— Problem —
Pictures appear among the records below and must be omitted. Repeat exactly the lines from the line with "Rękojeść to gładkie" to the line with "Спицы OSCAR вязальные, круговые", both included.

— Data records —
• • • •

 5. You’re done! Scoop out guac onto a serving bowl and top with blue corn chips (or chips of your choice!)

• • • •

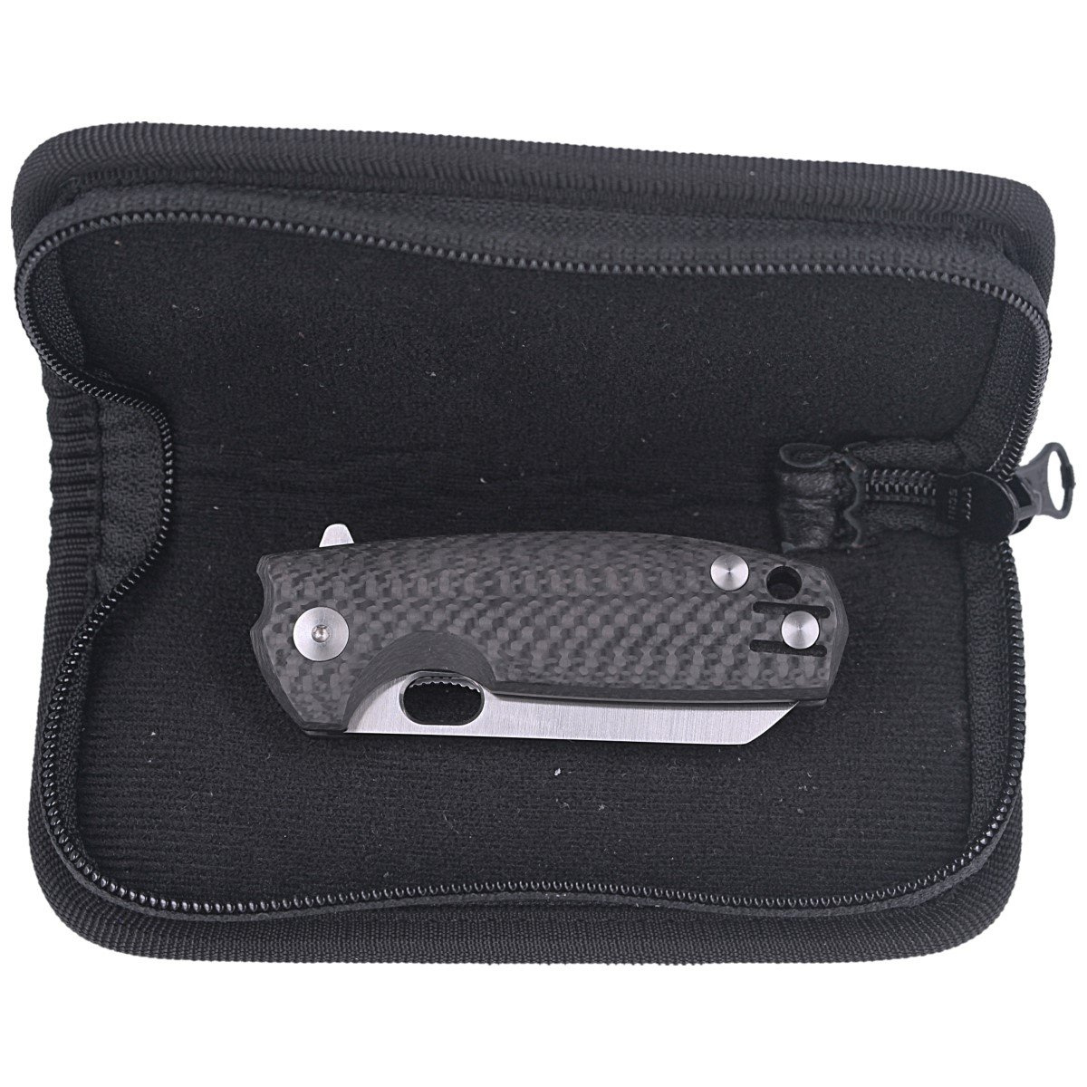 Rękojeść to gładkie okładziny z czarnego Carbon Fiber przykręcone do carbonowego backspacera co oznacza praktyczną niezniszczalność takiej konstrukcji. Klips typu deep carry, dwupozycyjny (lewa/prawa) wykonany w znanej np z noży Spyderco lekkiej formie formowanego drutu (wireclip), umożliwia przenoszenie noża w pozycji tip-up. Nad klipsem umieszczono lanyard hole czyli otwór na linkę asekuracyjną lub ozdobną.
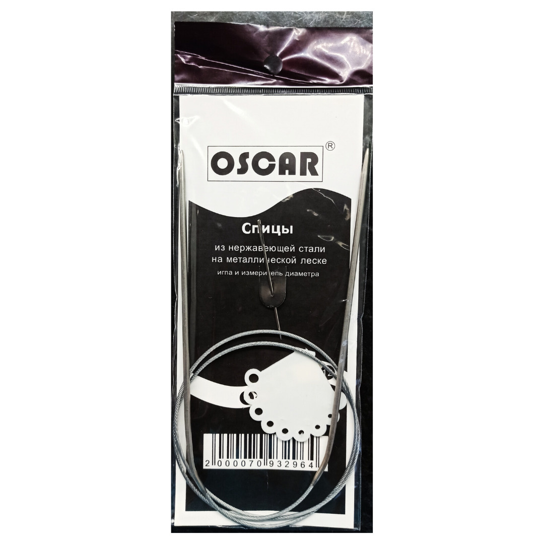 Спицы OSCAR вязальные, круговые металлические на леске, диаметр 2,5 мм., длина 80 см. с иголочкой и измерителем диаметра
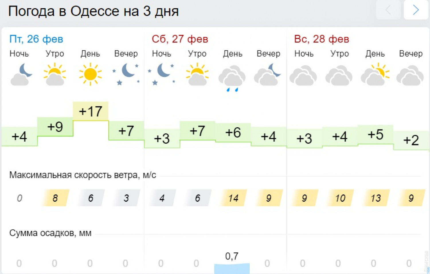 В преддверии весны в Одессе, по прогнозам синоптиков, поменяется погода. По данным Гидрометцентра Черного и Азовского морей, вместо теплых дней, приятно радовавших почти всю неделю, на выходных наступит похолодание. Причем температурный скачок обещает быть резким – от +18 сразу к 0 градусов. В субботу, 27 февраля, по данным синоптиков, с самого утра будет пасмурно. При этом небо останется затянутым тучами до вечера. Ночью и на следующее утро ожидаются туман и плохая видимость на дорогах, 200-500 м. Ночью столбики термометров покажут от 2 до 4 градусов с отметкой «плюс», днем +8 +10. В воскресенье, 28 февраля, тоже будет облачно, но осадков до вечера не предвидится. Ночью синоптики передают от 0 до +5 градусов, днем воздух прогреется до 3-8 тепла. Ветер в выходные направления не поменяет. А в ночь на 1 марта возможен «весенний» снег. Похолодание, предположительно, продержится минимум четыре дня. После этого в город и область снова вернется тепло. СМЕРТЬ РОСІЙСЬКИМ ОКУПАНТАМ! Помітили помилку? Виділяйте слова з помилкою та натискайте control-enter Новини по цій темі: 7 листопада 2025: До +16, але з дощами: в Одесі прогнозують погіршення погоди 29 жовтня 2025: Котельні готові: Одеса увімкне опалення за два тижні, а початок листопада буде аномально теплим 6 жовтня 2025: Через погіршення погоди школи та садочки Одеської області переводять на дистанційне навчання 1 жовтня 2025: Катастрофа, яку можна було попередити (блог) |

• • • •

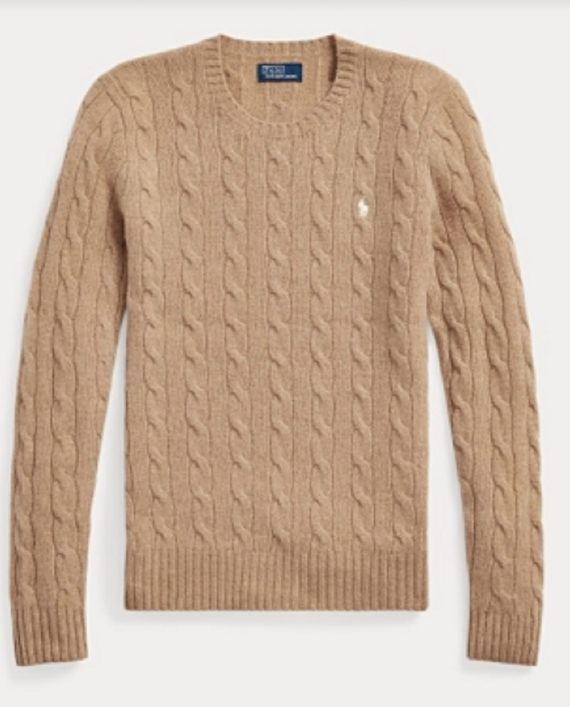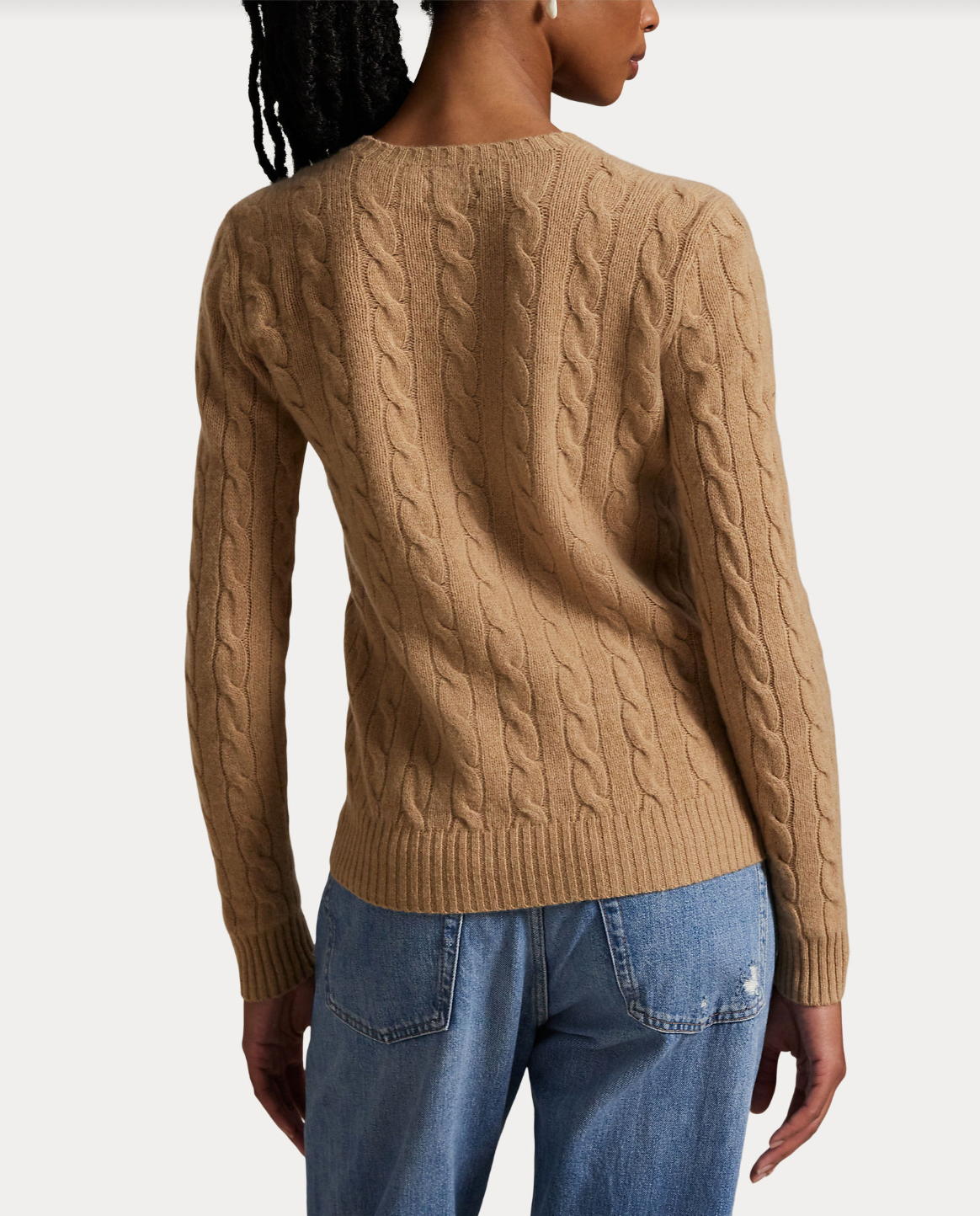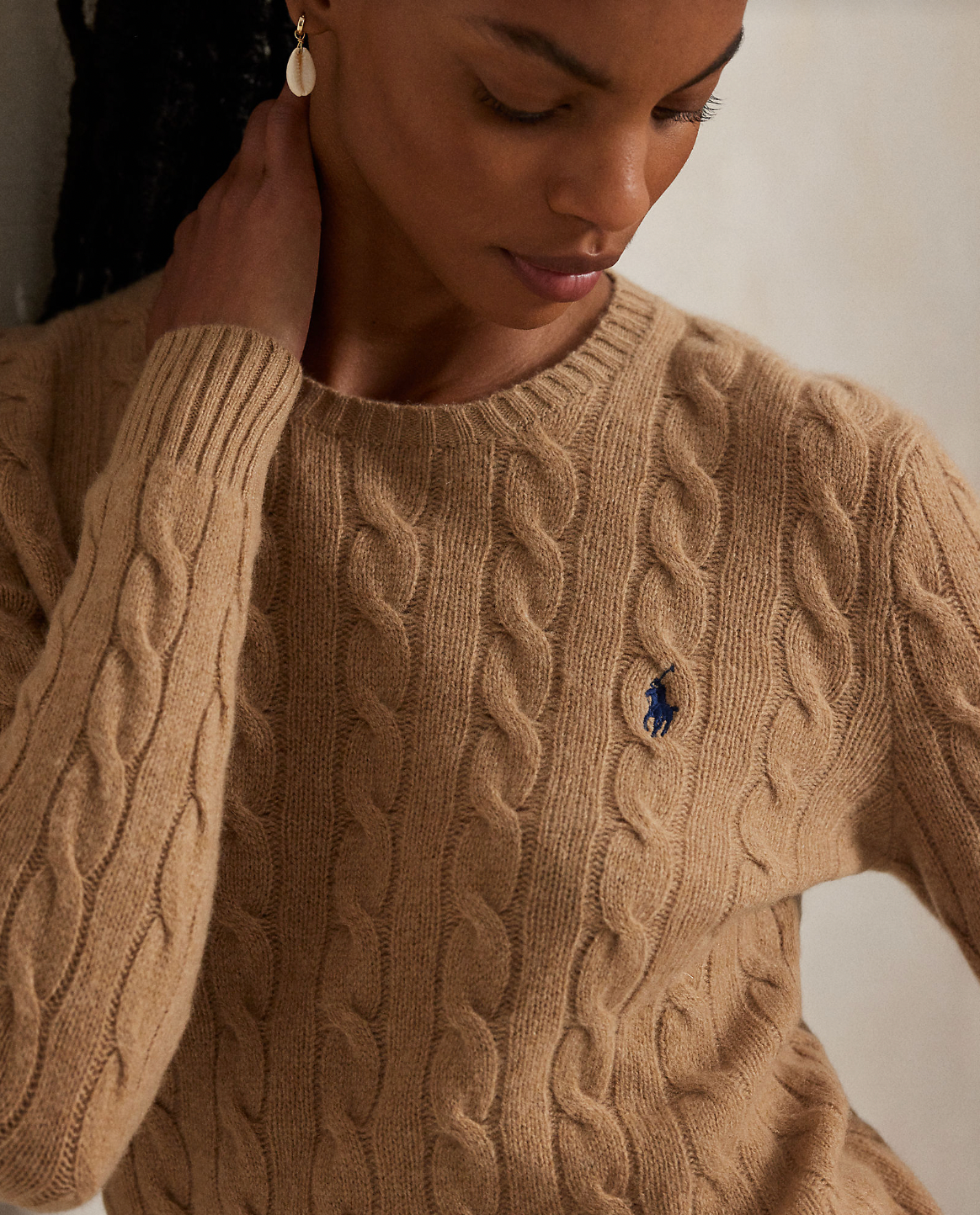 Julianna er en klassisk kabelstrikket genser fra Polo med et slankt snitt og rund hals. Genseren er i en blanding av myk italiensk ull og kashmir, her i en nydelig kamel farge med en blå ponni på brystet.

• • • •

— Response area —
 Rękojeść to gładkie okładziny z czarnego Carbon Fiber przykręcone do carbonowego backspacera co oznacza praktyczną niezniszczalność takiej konstrukcji. Klips typu deep carry, dwupozycyjny (lewa/prawa) wykonany w znanej np z noży Spyderco lekkiej formie formowanego drutu (wireclip), umożliwia przenoszenie noża w pozycji tip-up. Nad klipsem umieszczono lanyard hole czyli otwór na linkę asekuracyjną lub ozdobną.
 Спицы OSCAR вязальные, круговые металлические на леске, диаметр 2,5 мм., длина 80 см. с иголочкой и измерителем диаметра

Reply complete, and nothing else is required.